Applying the Method
When we answer theological questions, we often find ourselves confronted with a variety of evidence. Some of the evidence will point in one direction while some of the evidence may seem to point in one or more other directions. Because the evidence is of different sorts, it carries different weights.
Weighing the evidence to discover an answer is one of the more difficult challenges in theological method. It is more of an art than a science. It usually involves an element of judgment. When the evidence appears to point in more than one direction, we must allow some of the evidence to explain the rest. In other words, part of the evidence will explain not only our answer, but also the remainder of the evidence.
Previously, I have suggested three methodological principles that should guide us in making these judgments. First, didactic (teaching) passages must explain historical references. Second, clear passages (texts that have only one likely interpretation) must explain obscure passages (texts that have more than one plausible interpretation, but in which no single interpretation is significantly more likely than another). Third, deliberate passages (texts that aim to address the theologian’s question) must explain incidental passages (texts that touch on the question only tangentially).
These principles need to be illustrated in practice.
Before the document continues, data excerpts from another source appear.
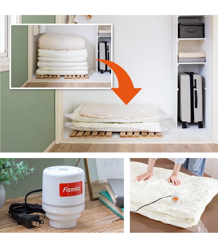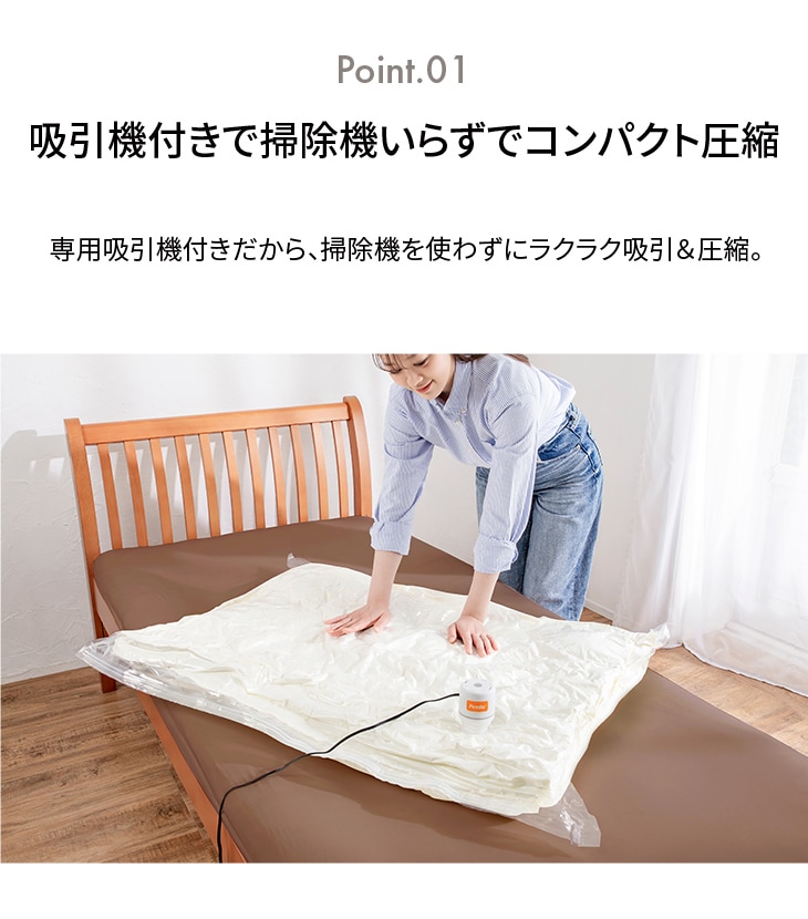掃除機いらずでコンパクト圧縮。簡単・便利な布団圧縮袋セット。専用吸引機付きだから、掃除機を使わずにラクラク吸引&圧縮。二重チャックを採用しているので、空気漏れを防ぎ、密封性に優れています。専用吸引機は小型ながら優れた吸引力。竹炭シート布団用には消臭・カビ・ダニを抑制する竹炭シート付きで旅行に便利な衣類圧縮袋付き。くるくるっと巻いて圧縮できます。
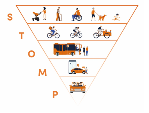De gemeente Waddinxveen stelt het STOMP-principe centraal bij het opstellen van het omgevingsprogramma. Hierbij wordt actief en duurzamer vervoer geprioriteerd boven de auto. Er wordt hierbij eerst naar de voetganger gekeken (Stappen), vervolgens naar de fietser (Trappen), het openbaar vervoer (OV), mobiliteitsdiensten zoals deelmobiliteit (Mobility as a Service) en tot slot de Particuliere auto. (Figuur 4) Bij het opstellen van het omgevingsprogramma voor de gemeente wordt deze volgorde in prioriteit aangehouden.
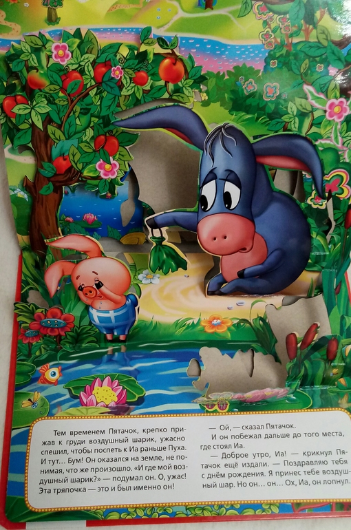 Я совершенно спокойно смотрела на страсти по книжке про мультяшного Винни -Пуха, и думала, как хорошо, что мне не надо) с дочкой как то обошлись другой версией, с рисунками Шепарда, и мультик мой младший не оценил.. сначала.. а потом как накрыло) Смотрит, цитирует,самые любимые места по сто раз пересматривает) и я поняла, нужна хоть какая нибудь книжная версия!Тут на помощь пришла моя любимая серия издательства Умка Союзмультфильм. Уже сто раз говорила про нашу любовь к этим панорамкам) они качественные, плотный ламинированный картон, закругленные уголки, замечательные, яркие рисунки, узнаваемые персонажи, вполне читаемый текст, который, правда, все равно по ходу разбавляешь фразочками из мультфильма) Книжка по третьей части мультфильма Винни Пух и день забот, про день Рождения ослика Иа - Иа

Therefore, in the present essay I wish to bring them to bear upon a theological question. In doing so, I shall deliberately avoid the issues that have more obvious answers (e.g., the fundamental doctrines). Of course, by selecting a question with a less clear answer I shall open myself to disagreement. That kind of interaction, however, is useful and necessary. Theologians learn through conversation, which is one reason that the best theology is done in community.